The final remodeling phase can last from 21 days to a year or more. During this time the skin strengthens and any residual redness or dark marks gradually fade. How long this takes depends on your skin tone, the depth of the original pimple, and how well you protect the area from sun exposure.
Preventing Dark Marks and Scars
The dark or reddish spot left behind after a pimple heals is called post-inflammatory hyperpigmentation. It’s not a true scar, but it can take months to fade on its own, especially on darker skin tones. The single most effective preventive step is daily sunscreen. A study of African-American and Hispanic women found that daily use of SPF 30 or 60 sunscreen for eight weeks led to visible lightening of existing dark spots in 81% of participants, with 59% seeing a reduction in the total number of spots. Higher SPF (60 versus 30) produced better results.

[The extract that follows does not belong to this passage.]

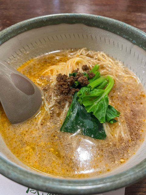 一般的な担々麺のような真っ赤なスープではなく、胡麻の色をしたやさしい色合いのスープに、青菜と肉味噌がのったとても上品な見た目です。京都らしさを感じます。

Once the wound has fully closed and no longer has any broken skin, you can start using ingredients that actively fade discoloration. Azelaic acid is a good over-the-counter option. In one study, twice-daily use of a 15% azelaic acid gel for 16 weeks eliminated post-inflammatory dark spots in over half the participants. For more stubborn marks, hydroquinone 4% applied once or twice daily for 3 to 6 months is considered the gold standard treatment, though it typically requires a prescription.
While the spot is still healing, stick to gentle, fragrance-free cleansers and non-comedogenic moisturizers. Harsh products increase irritation, which in turn increases the risk of lasting discoloration.
Signs the Spot Is Infected
Most popped pimples heal without complications, but an open wound on the face can occasionally get infected. Watch for pain that gets worse instead of better over the first few days, expanding redness or swelling that spreads beyond the original pimple, and yellow or green pus that continues to drain. A normal healing pimple improves steadily each day. An infected one does the opposite: more pain, more swelling, more redness. If the area feels hot to the touch, starts to throb, or the redness is clearly spreading outward, it’s worth having a healthcare provider take a look. Infections caught early are simple to treat, but left alone they can turn into a deeper abscess.